Stock Price Forecast with TensorFlow (LSTM) ~ Stock Forecast Part 1 ~

Introduction

I will start studying stock investment, so I will leave a note of it.

Predict stock prices using goals, machine learning and deep learning.

Before you start studying, first check the following books.

It seems that the conditions for stock movement are "good performance", "low PER", and "good chart shape". I would like to bring each one by scraping and make predictions.

[Supplement]

In addition to stocks, I usually use horse racing forecasts siva. Quinella predictive value: Approximately 86% Recovery rate: Approximately 136%

twitter I started. Please follow me.

Why stock?

I chose the stock from the following views.

◆ Gambling such as horse racing
The return of 0 or 100 is also large, but the risk is large.
　◆ FX 
On the other hand, there are people who make money, but there are people who lose it, so it doesn't suit their gender.
　◆ bitcoin
Since the value has not been established, there is a possibility of a crash.
◆ Stocks
As for stocks, everyone is profitable.

First of all, stock prediction experiment

Let's start the experiment from the site where you can download and experiment before bringing it by scraping.

The downloaded data is the Nikkei 225 2007-2017 information. Contains data for date, open, high, low and close prices.

The data used this time uses the closing price.

Think about the approach

For stocks, it is considered that it is better to predict by RNN (Recurrent Neural Network) (* 2) using time series than to statistically analyze past performance (* 1), so it is an extension of RNN. Let's try using LSTM (Long short-term memory).

1 We will try the method of learning the actual results of past data on the chart from the next time onward.
2 RNN is a type of deep learning. Unlike a normal neural network, it inputs its previous state in addition to the current input value. The input / output of RNN is as shown in the figure below.

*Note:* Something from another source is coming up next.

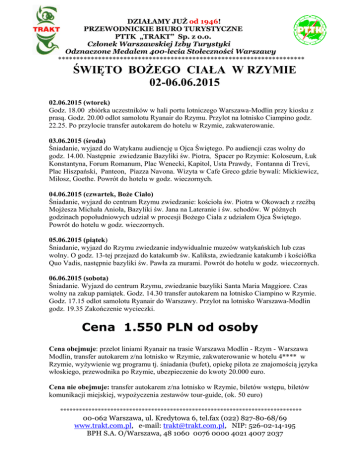 DZIAŁAMY JUŻ od 1946! PRZEWODNICKIE BIURO TURYSTYCZNE PTTK „TRAKT” Sp. z o.o. Członek Warszawskiej Izby Turystyki Odznaczone Medalem 400-lecia Stołeczności Warszawy ******************************************************************** ŚWIĘTO BOŻEGO CIAŁA W RZYMIE 02-06.06.2015 02.06.2015 (wtorek) Godz. 18.00 zbiórka uczestników w hali portu lotniczego Warszawa-Modlin przy kiosku z prasą. Godz. 20.00 odlot samolotu Ryanair do Rzymu. Przylot na lotnisko Ciampino godz. 22.25. Po przylocie transfer autokarem do hotelu w Rzymie, zakwaterowanie. 03.06.2015 (środa) Śniadanie, wyjazd do Watykanu audiencję u Ojca Świętego. Po audiencji czas wolny do godz. 14.00. Następnie zwiedzanie Bazyliki św. Piotra, Spacer po Rzymie: Koloseum, Łuk Konstantyna, Forum Romanum, Plac Wenecki, Kapitol, Usta Prawdy, Fontanna di Trevi, Plac Hiszpański, Panteon, Piazza Navona. Wizyta w Cafe Greco gdzie bywali: Mickiewicz, Miłosz, Goethe. Powrót do hotelu w godz. wieczornych. 04.06.2015 (czwartek, Boże Ciało) Śniadanie, wyjazd do centrum Rzymu zwiedzanie: kościoła św. Piotra w Okowach z rzeźbą Mojżesza Michała Anioła, Bazyliki św. Jana na Lateranie i św. schodów. W późnych godzinach popołudniowych udział w procesji Bożego Ciała z udziałem Ojca Świętego. Powrót do hotelu w godz. wieczornych. 05.06.2015 (piątek) Śniadanie, wyjazd do Rzymu zwiedzanie indywidualnie muzeów watykańskich lub czas wolny. O godz. 13-tej przejazd do katakumb św. Kaliksta, zwiedzanie katakumb i kościółka Quo Vadis, następnie bazyliki św. Pawła za murami. Powrót do hotelu w godz. wieczornych. 06.06.2015 (sobota) Śniadanie. Wyjazd do centrum Rzymu, zwiedzanie bazyliki Santa Maria Maggiore. Czas wolny na zakup pamiątek. Godz. 14.30 transfer autokarem na lotnisko Ciampino w Rzymie. Godz. 17.15 odlot samolotu Ryanair do Warszawy. Przylot na lotnisko Warszawa-Modlin godz. 19.35 Zakończenie wycieczki. Cena 1.550 PLN od osoby Cena obejmuje: przelot liniami Ryanair na trasie Warszawa Modlin - Rzym - Warszawa Modlin, transfer autokarem z/na lotnisko w Rzymie, zakwaterowanie w hotelu 4**** w Rzymie, wyżywienie wg programu tj. śniadania (bufet), opiekę pilota ze znajomością języka włoskiego, przewodnika po Rzymie, ubezpieczenie do kwoty 20.000 euro. Cena nie obejmuje: transfer autokarem z/na lotnisko w Rzymie, biletów wstępu, biletów komunikacji miejskiej, wypożyczenia zestawów tour-guide, (ok. 50 euro) ***************************************************************************** 00-062 Warszawa, ul. Kredytowa 6, tel.fax (022) 827-80-68/69 www.trakt.com.pl, e-mail: [email protected], NIP: 526-02-14-195 BPH S.A. O/Warszawa, 48 1060 0076 0000 4021 4007 2037

When considering temporally continuous data x (= x_1, x_2, x_3,…, x_n) as input, the previous state s_t-1 is input together with the input of x_t. This "previous state" contains past information up to that point.

Schematic diagram of RNN (source)

Experiment with the program anyway

First of all, I gave priority to trying it and tried to make a program quickly with the Nikkei average.

# -*- coding: utf-8 -*-
import numpy
import pandas
import matplotlib.pyplot as plt

from sklearn import preprocessing
from keras.models import Sequential
from keras.layers.core import Dense, Activation
from keras.layers.recurrent import LSTM

class Prediction :

  def __init__(self):
    self.length_of_sequences = 10
    self.in_out_neurons = 1
    self.hidden_neurons = 300


  def load_data(self, data, n_prev=10):
    X, Y = [], []
    for i in range(len(data) - n_prev):
      X.append(data.iloc[i:(i+n_prev)].as_matrix())
      Y.append(data.iloc[i+n_prev].as_matrix())
    retX = numpy.array(X)
    retY = numpy.array(Y)
    return retX, retY


  def create_model(self) :
    model = Sequential()
    model.add(LSTM(self.hidden_neurons, \
              batch_input_shape=(None, self.length_of_sequences, self.in_out_neurons), \
              return_sequences=False))
    model.add(Dense(self.in_out_neurons))
    model.add(Activation("linear"))
    model.compile(loss="mape", optimizer="adam")
    return model


  def train(self, X_train, y_train) :
    model = self.create_model()
    #Learning
    model.fit(X_train, y_train, batch_size=10, nb_epoch=100)
    return model


if __name__ == "__main__":

  prediction = Prediction()

  #Data preparation
  data = None
  for year in range(2007, 2017):
    data_ = pandas.read_csv('csv/indices_I101_1d_' + str(year) +  '.csv')
    data = data_ if (data is None) else pandas.concat([data, data_])
  data.columns = ['date', 'open', 'high', 'low', 'close']
  data['date'] = pandas.to_datetime(data['date'], format='%Y-%m-%d')
  #Standardize closing price data
  data['close'] = preprocessing.scale(data['close'])
  data = data.sort_values(by='date')
  data = data.reset_index(drop=True)
  data = data.loc[:, ['date', 'close']]

  #20% to test data
  split_pos = int(len(data) * 0.8)
  x_train, y_train = prediction.load_data(data[['close']].iloc[0:split_pos], prediction.length_of_sequences)
  x_test,  y_test  = prediction.load_data(data[['close']].iloc[split_pos:], prediction.length_of_sequences)

  model = prediction.train(x_train, y_train)

  predicted = model.predict(x_test)
  result = pandas.DataFrame(predicted)
  result.columns = ['predict']
  result['actual'] = y_test
  result.plot()
  plt.show()

result

It's pretty predictable ... Screen Shot 0029-06-30 at 3.26.00 AM.png

It seems that you can make good predictions by setting it to UP / DOWN.

at the end

This time I gave priority to moving it, but I will continue to write articles in the future. twitter I started. Please follow me.

In addition, we operate horse racing forecast siva. Please follow us as well.